Zara “Gearhook” Berry

Game Designer, Card Gamer, Very Small Goblin

About Me

My name is Zara Berry. I am a woman with more than 14 years’ experience in making video games, and 6 years worth for designing them. My tastes, like my skillset, is widely diverse. I have worked on Mobile Games, Fighting Games, Strategy Games, Live Service Games, and even Tabletop Games. In my personal life I play and digest even more than that. My personal philosophy is that designing games is the most modern take on being a Toymaker. It is my opinion that my goal should always be to create an experience that delights the player- games that strives to become someone’s new favorite thing. That is my motivation and my unique perspective allows me to do that.

Spirit Bonds

I was the only game designer on League’s first Meta-game experience. We lacked experience in how to bring to life experiences that were exciting to players between games of league without detracting from the primary goal: Playing more games of League of Legends. With that in mind, my solution was straightforward. We set out to make a story-driven experience that specifically did not reduce the amount of time players were focused on League of Legends. To accomplish this my design focused on having it react to how players played League of Legends itself. If you carried a game particularly well, Yasuo would grow in bond with you.

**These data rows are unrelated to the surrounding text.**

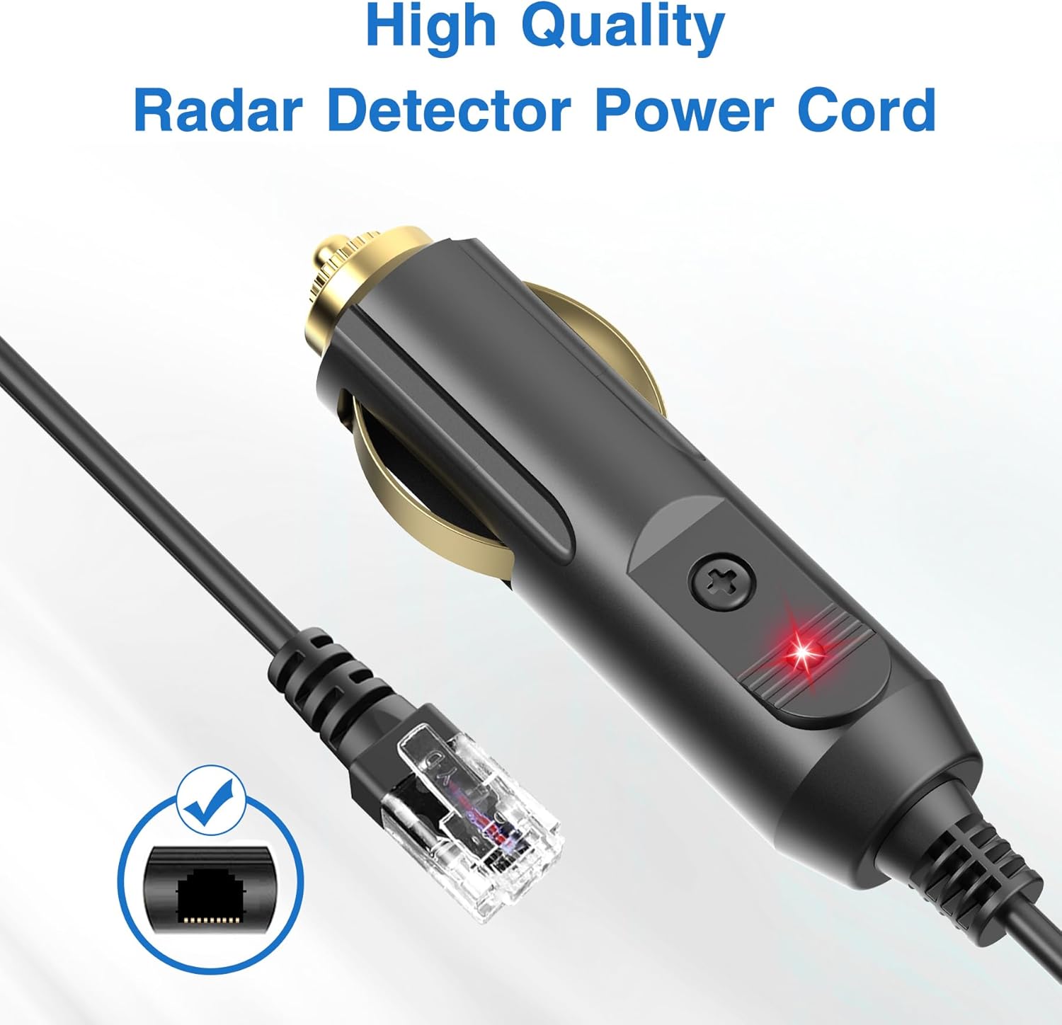 - ✅【Radar Detector Adapter Cable】:Radar detector pass-through power cord can power a 12V radar detector with a phone-type jack. RJ11 radar detector cable compatible with Escort, Beltronics etc radar detectors.(This replacement power cord doesn’t have alert function or mute button. It is only used to power up the radar detector)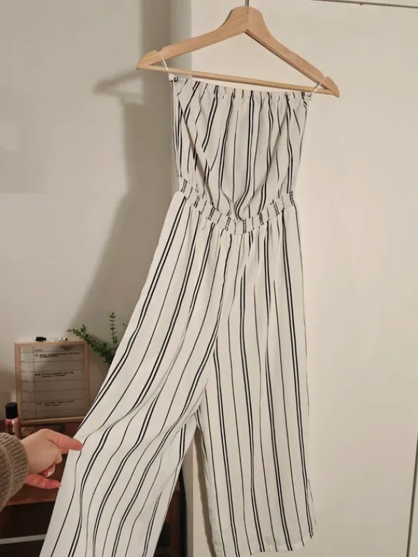 Täältä ostettu olkaimeton haalari. Vain kokeiltu päällä, ei ollutkaan sopiva itselle.Haalarissa parit pienet tahrat, ei näy kuitenkaan kaukaa katsottuna. Saattaa lähteä pesussa, en ole kokeillut 😁Savuton ja eläimetön talous!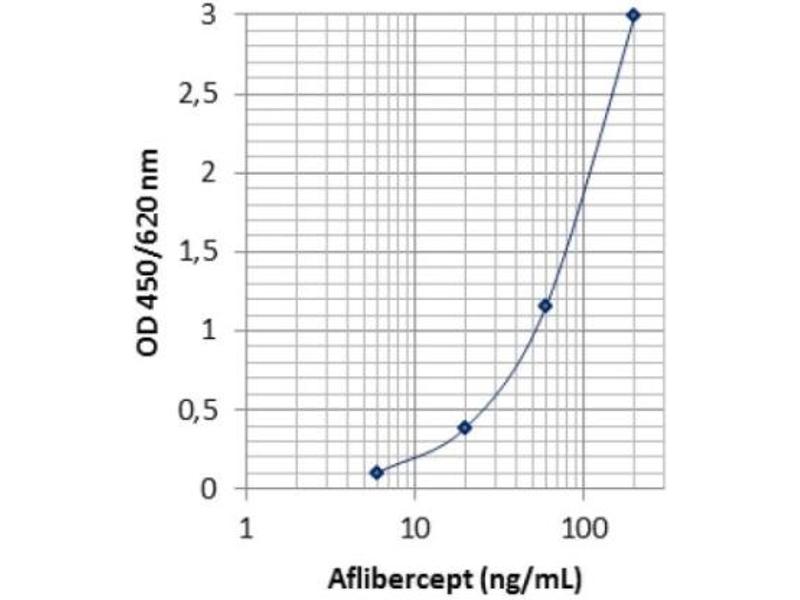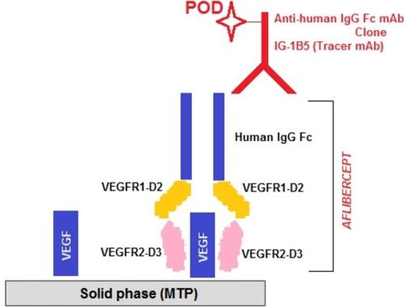 The Aflibercept ELISA is a sandwich type ELISA. Standards and diluted samples are incubated in the microtitre plate coated with recombinant human vascular endothelial growth factor-A (rhVEGF-A). After incubation, the wells are washed. A horseradish peroxidase (HRP)-conjugated anti-human IgG monoclonal antibody is added and binds to the Fc part of Aflibercept. Following incubation, the wells are washed and the bound enzymatic activity is detected by addition of chromogen-substrate. The colour developed is proportional to the amount of Aflibercept in the sample or standard. Results of samples can be determined by using the standard curve.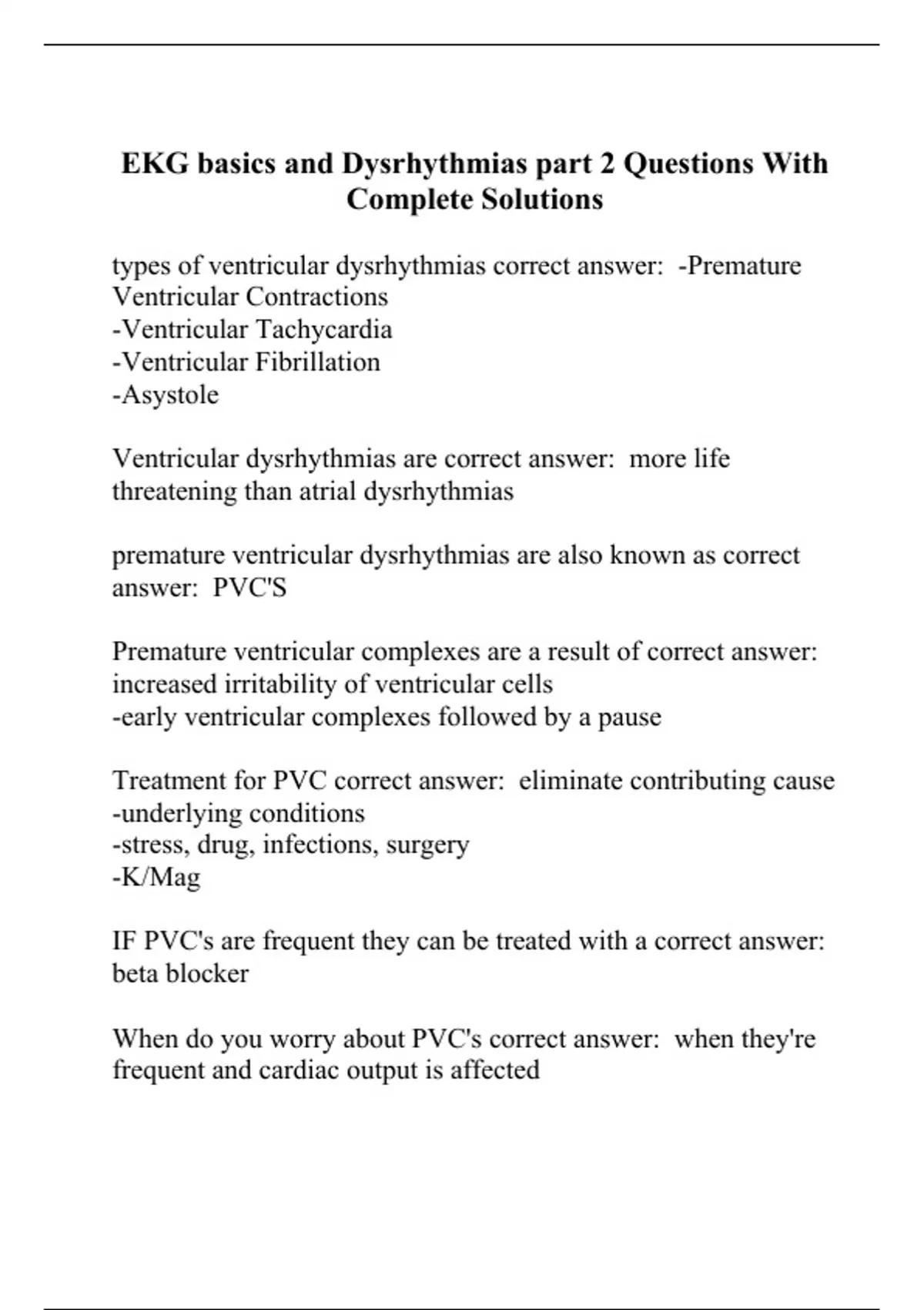 Treatment for PVC correct answer: eliminate contributing cause
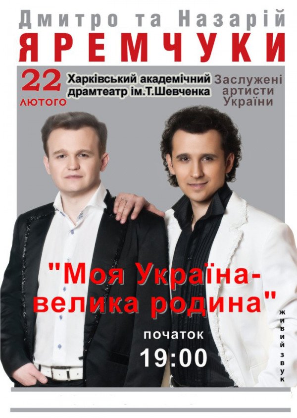 Дмитро та Назарій Яремчуки состоится 22 февраля 2015, 19:00, воскресенье в Харьковский театр им. Т.Г. Шевченко. С помощью сервиса internet-bilet.ua, Вы сможете с легкостью забронировать, заказать и купить билеты на интересующий Вас концерт, спектакль, оперу, балет, мастер-классы, спортивные и детские мероприятия, оплатив их самым удобным для Вас способом: через интернет банковской картой VISA/MasterCard, наличными или курьером, если сделаете заказ билета c доставкой.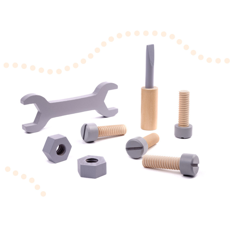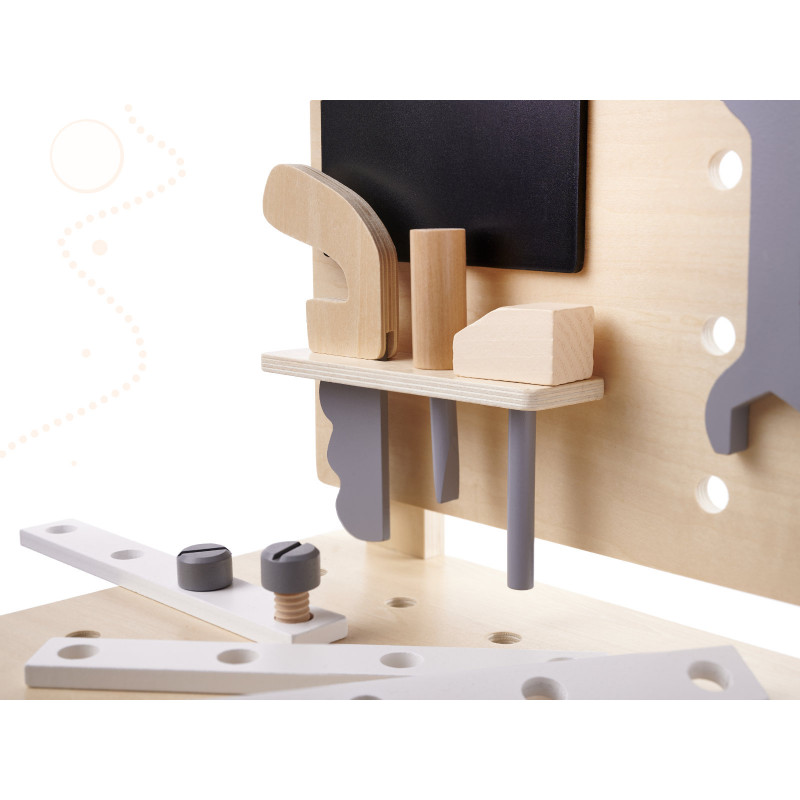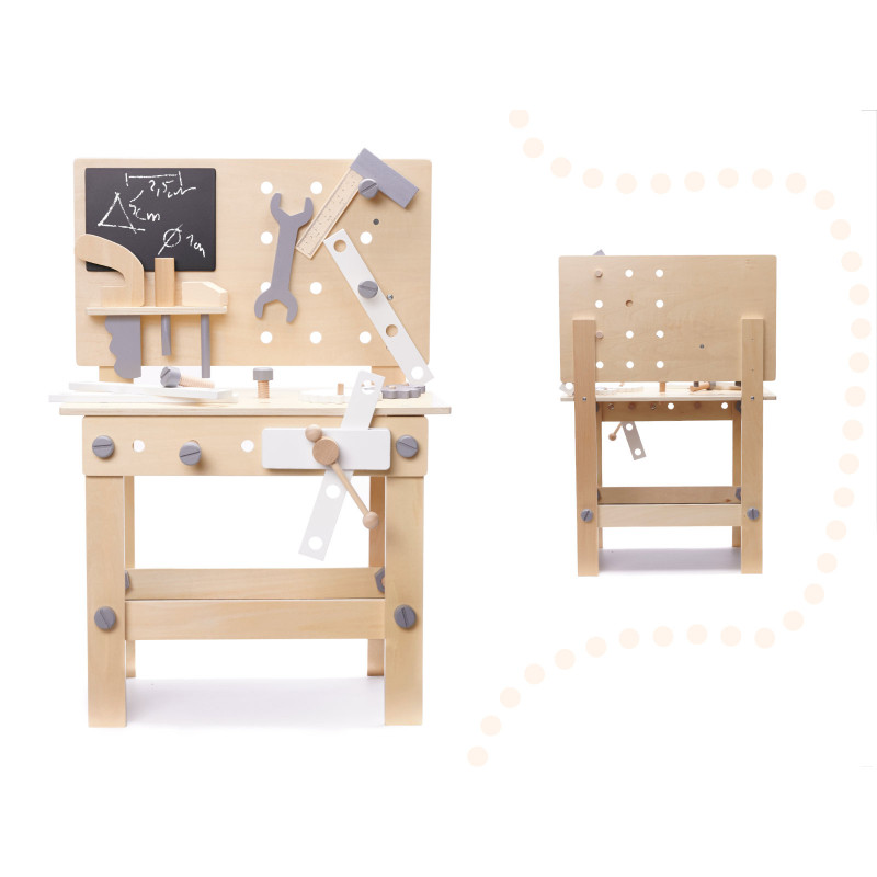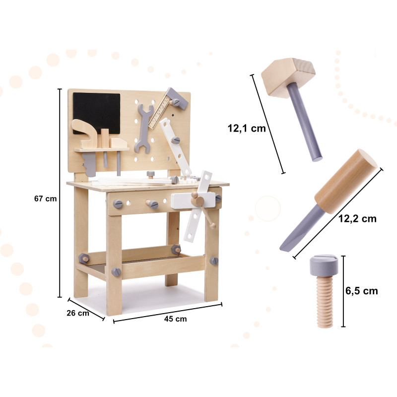 Scurta descriere Bancul de lucru din lemn cu unelte este jucaria ideala pentru copiii pasionati de constructii si reparatii. Setul contine masa solida si multiple accesorii din lemn care stimuleaza indemanarea, gandirea logica si creativitatea. Ofera ore intregi de joaca educativa si sigura, potrivita atat pentru baieti, cat si pentru fete.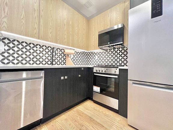 Gorgeous 1 bedroom, 1 bathroom apartment available in the heart of Morris Park, Bronx. This completely updated unit features brand new stainless steel appliances, modern cabinetry with a designer backsplash, exposed brick accents, recessed lighting, and plank hardwood flooring throughout. The open living area is filled with natural light from large windows, and the stylish bathroom is finished with sleek custom tile and contemporary fixtures. The home also includes a private in-unit washer and dryer, thoughtfully designed finishes, and efficient heating/cooling systems. Conveniently located near shops, restaurants, and public transportation, this apartment blends modern comfort with classic character. Pets are welcome, and applicants must show income of at least two times the monthly rent.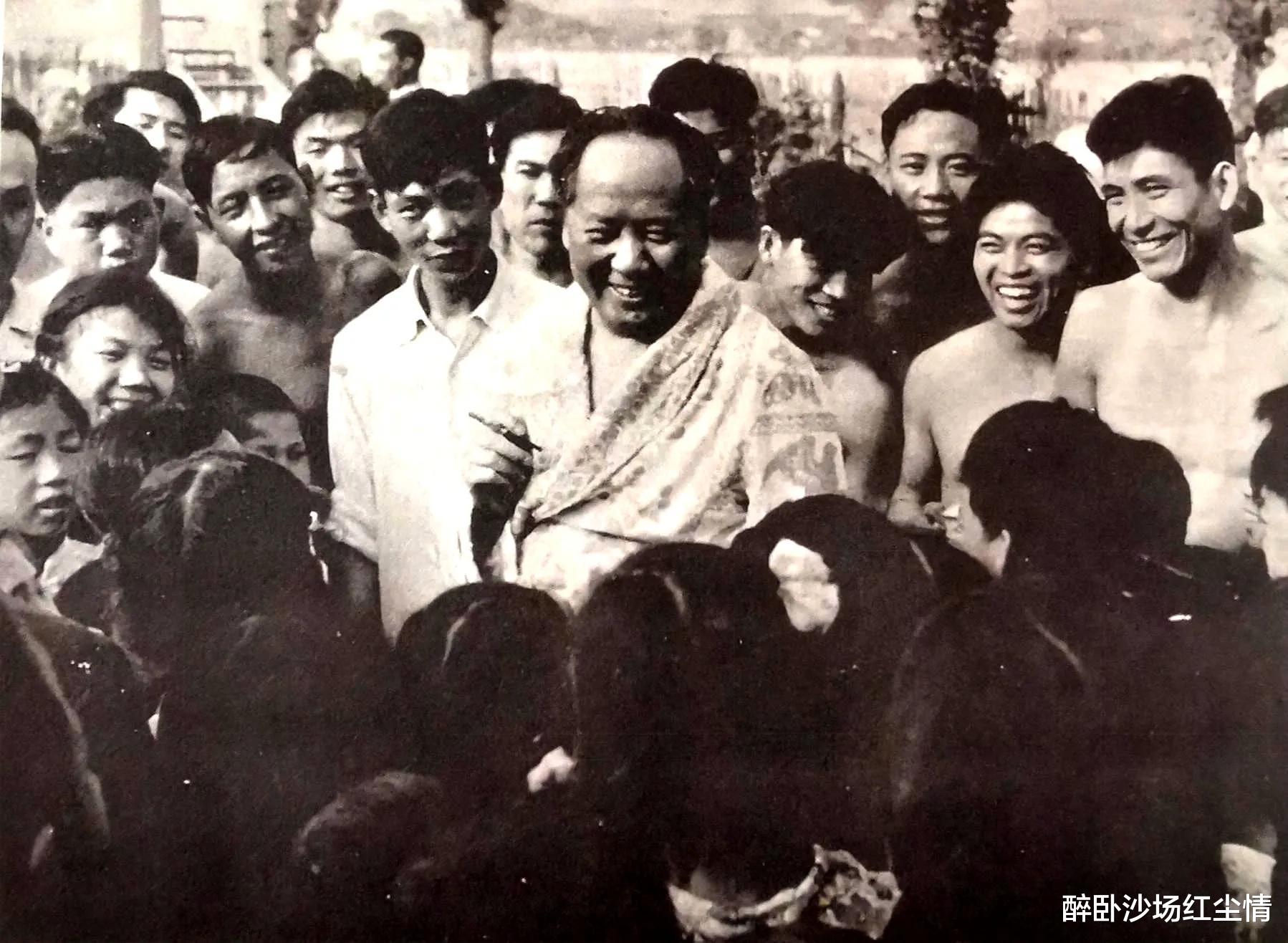 1959年6月24日,毛主席在湘江游泳后登上长沙牛头洲,主席身后右二为钱水桃

If you excelled in playing for map objectives then Lillia would grow in bond with you at an accelerated rate. The strongest aspect of this is that it was not singular. My design evaluated the results of each game and acted as a personality test. Bond would grow for each character at varying rates for different players completely tailored to how they played. Players got the entire story by playing the game, but the sequence the got it in- and which characters were most fond of them- was a measure of their own behaviors and habits. It was wildly successful, and set the groundwork for Metagame experiences long after I left the team.

Galaxies 2020

Again, I was the only designer on this event for League of Legends. Galaxies was a smaller event to see how we could leverage learnings from Spirit Bonds to make a narratively engaging event that players felt driven to participate in. So again, I looked at what we had available as well as what we could do without detracting or distracting from the primary goal of having our players enjoy the main game. The core design I came away with was a Versus-style event. Players were able to choose a side in the conflict: Duty or Ambition. This represented a diverging fate facing Cosmic Lux in the Galaxies universe. As players completed missions and played games- participated in League of Legends- they contributed a rating to their faction. At the end of the event, the winning faction was the fate that would befall Lux. Subsequently, Ambition won. Collaborating with Michael Yichao, the follow-up story Ambition’s Embrace was created and added to the League Universe from my design, and the players’ influence.

FEPR (Riftbound Rules)

I designed the concept of FEPR for Riftbound: Finalize, Execute, Pass, Resolve. It is the sequence of understanding and processing items on our chain. Players Finalize items on the Chain, then they can Execute actions that are available given the current game status, then priority passes if nothing has changed, then the chain is Resolved. It is a handy mnemonic (also of my creation) that has served to help organize player thinking in a game medium that does not have software to mediate out the complexities of a competitive game. “FEPRing the chain” is now a common device players use to solve their own problems and teach newcomers the game.

Riftbound: Origins

My work on the inaugural set of Riftbound was broad. I worked on the initial design, iteration, and balance of many of the individual cards and archetypes that made it to final print. However among them two archetypes stand out as primarily my responsibility in design: Sett and Jinx. I was responsible for creating their play patterns that evoke their League fantasies in an entirely new medium. For Jinx it is a discard archetype: Unloading your hand and “Reloading the Cylinder” to keep going. She gains benefits for having an empty hand and discarding cards prematurely. Sett, meanwhile, is The Boss and uses the Buffs system I designed to be a bully while controlling space. These archetypes have delighted players in how they evoke their League counterparts, and serve as strong backboards to learn the game.